Data items

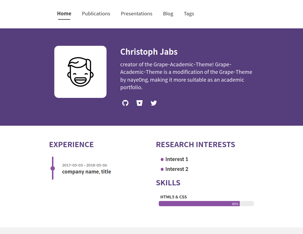 description: creator of the Grape-Academic-Theme! Grape-Academic-Theme is a modification of the Grape-Theme by naye0ng, making it more suitable as an academic portfolio.
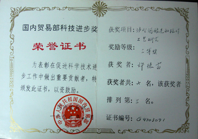 國內(nèi)貿(mào)易部科技進(jìn)步獎(jiǎng)
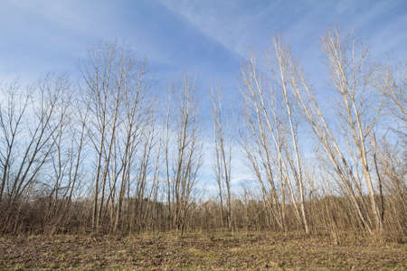 Forest of birch trees standing in the suboticka pescara, a sandland in Subotica, Norther Serbia. birch tree is a thin leaved wood growing in Europe.
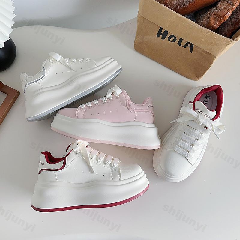 Fashion Women's Platform White Shoes 2025 Spring Autumn Height Increase Student Board Shoes Comfortable Fashion Cross Tied Casual Shoes
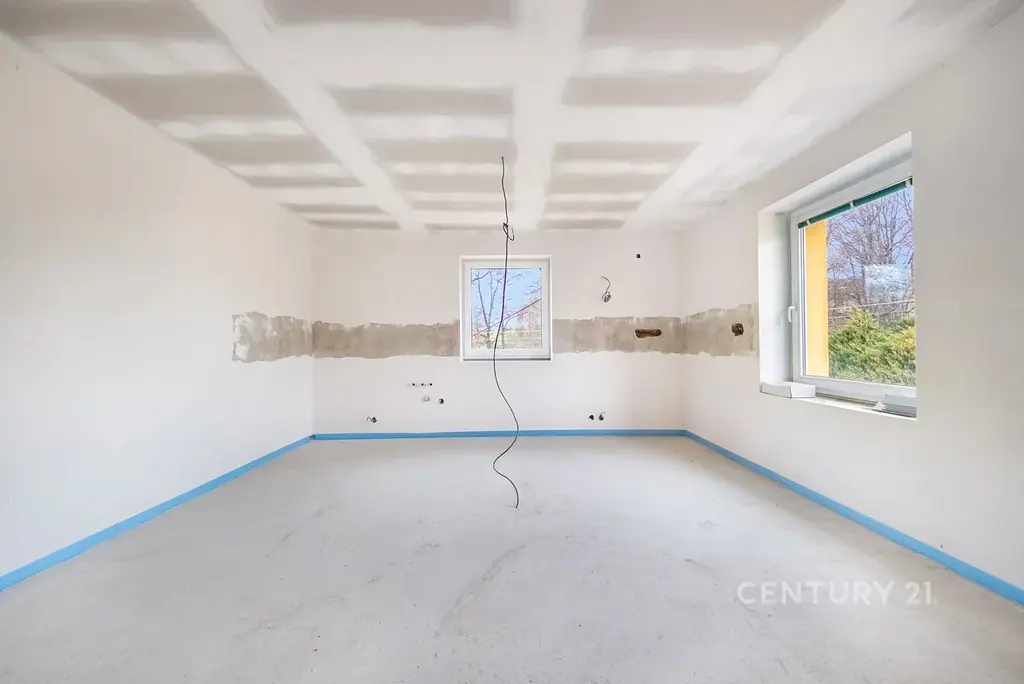 Kompletně byly vybudovány nové rozvody elektřiny, vody i odpadů – vše je tedy zcela nové. To nejtěžší už máte hotové. Můžete tak přeskočit fázi bourání i hrubých prací a přejít rovnou k té příjemnější části: výběru podlah, kuchyně a designu, který vdechne domu vaši osobnost.
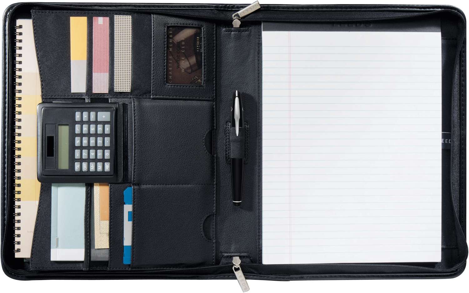 With genuine pebble grain leather construction, the Manhattan Zippered Padfolio with FSC® Mix Paper provides a luxurious portable storage solution for all your school and business essentials. It unzips to reveal an interior organizer with a gusseted file pocket, multiple holders for your business cards, and a convenient pen loop. The padfolio also comes with a refillable 11.0” H x 8.5” W FSC® Mix writing pad, with refills available to order separately (9091-01).
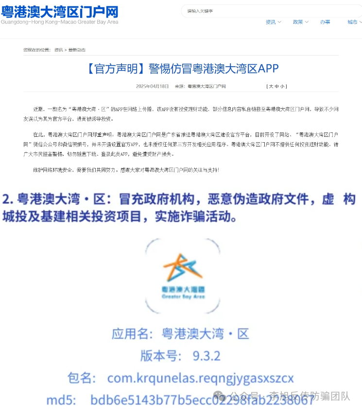 该涉诈APP是境外不法分子冒用“粤港澳大湾区门户网”的名义制作发布的。今年4月,粤港澳大湾区门户网与信息通信行业反诈中心均有发文表示,这个“粤港澳大湾区”APP就是诈骗软件。

DESCRIPTION OF THE TASK – All lines from the one containing "Forest of birch" to the last line of the records above, both included, need to be repeated word for word; omit the pictures.

FINAL ANSWER –
 Forest of birch trees standing in the suboticka pescara, a sandland in Subotica, Norther Serbia. birch tree is a thin leaved wood growing in Europe.
 Fashion Women's Platform White Shoes 2025 Spring Autumn Height Increase Student Board Shoes Comfortable Fashion Cross Tied Casual Shoes
 Kompletně byly vybudovány nové rozvody elektřiny, vody i odpadů – vše je tedy zcela nové. To nejtěžší už máte hotové. Můžete tak přeskočit fázi bourání i hrubých prací a přejít rovnou k té příjemnější části: výběru podlah, kuchyně a designu, který vdechne domu vaši osobnost.
 With genuine pebble grain leather construction, the Manhattan Zippered Padfolio with FSC® Mix Paper provides a luxurious portable storage solution for all your school and business essentials. It unzips to reveal an interior organizer with a gusseted file pocket, multiple holders for your business cards, and a convenient pen loop. The padfolio also comes with a refillable 11.0” H x 8.5” W FSC® Mix writing pad, with refills available to order separately (9091-01).
 该涉诈APP是境外不法分子冒用“粤港澳大湾区门户网”的名义制作发布的。今年4月,粤港澳大湾区门户网与信息通信行业反诈中心均有发文表示,这个“粤港澳大湾区”APP就是诈骗软件。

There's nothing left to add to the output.